PostgreSQL Under Load: Practical Tuning on General-Purpose VMs

A practical, production‑minded checklist for tuning PostgreSQL 13–16 on general‑purpose VMs: OS/FS basics, key config, autovacuum, checkpoints, pooling, and query/index fixes.

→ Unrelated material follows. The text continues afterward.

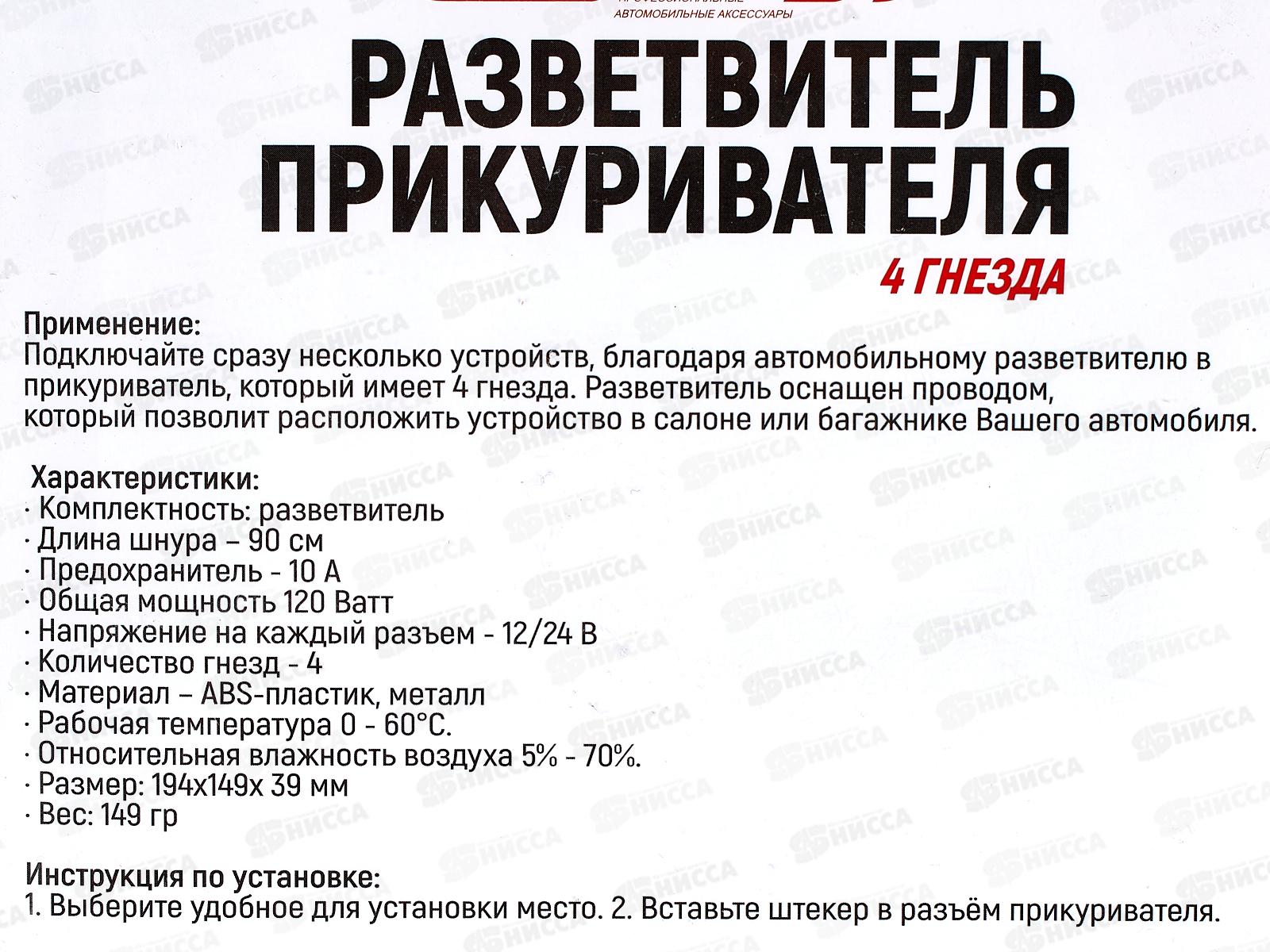 Разветвитель прикуривателя 4 гнезда 12/24V SKYWAY - подключайте сразу несколько устройств благодаря автомобильному разветвителю в прикуриватель, который имеет 4 гнезда. Разветвитель с длинным прямым проводом, который позволяет дотянуться до багажника и удобно расположиться на заднем сиденье. Питается от бортовой сети с напряжением 12 или 24 Вольт.

PostgreSQL Under Load: Practical Tuning on General-Purpose VMs

You don’t need exotic hardware to make Postgres fast. Most gains come from a clean baseline, sane OS settings, and a handful of parameters matched to your workload. This guide is a practical, production‑minded checklist for teams running PostgreSQL 13–16 on general‑purpose virtual machines.

Ground Rules

Measure first, change second. Always capture a baseline before tuning:

QPS and latency percentiles (p50/p95/p99)
CPU steal/iowait, load average
Buffer/cache hit ratios, WAL write rate
Top queries by time and I/O

Useful tools: pg_stat_statements, auto_explain, Prometheus exporter + Grafana, and (PG16+) pg_stat_io.

VM & OS Baseline

CPU & memory. Watch CPU steal time; if it’s >2–3% sustained, move or resize. On big VMs (≥16 vCPU/64 GB), keep NUMA simple and set THP off.

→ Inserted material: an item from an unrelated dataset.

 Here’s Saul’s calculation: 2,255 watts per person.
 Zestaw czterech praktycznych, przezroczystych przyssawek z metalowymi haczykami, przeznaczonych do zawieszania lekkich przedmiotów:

Storage & filesystem. Prefer NVMe/SSD. Use ext4 or xfs with noatime; consider discard=async for SSD TRIM.

# /etc/fstab example
UUID=...  /var/lib/postgresql  ext4  rw,noatime,discard  0 2

I/O scheduler. NVMe defaults to none (good). On SSD/SAS, mq-deadline is a solid choice.

cat /sys/block/nvme0n1/queue/scheduler

Kernel sysctl (sane defaults). Create /etc/sysctl.d/99-postgres.conf:

vm.swappiness = 1
vm.dirty_background_ratio = 5
vm.dirty_ratio = 15
vm.overcommit_memory = 2
vm.overcommit_ratio = 95
kernel.sched_migration_cost_ns = 5000000

sudo sysctl --system

Data Layout

Keep WAL and data on the same fast SSD/NVMe unless you truly have a separate fast device for WAL. Spreading to slow disks usually hurts.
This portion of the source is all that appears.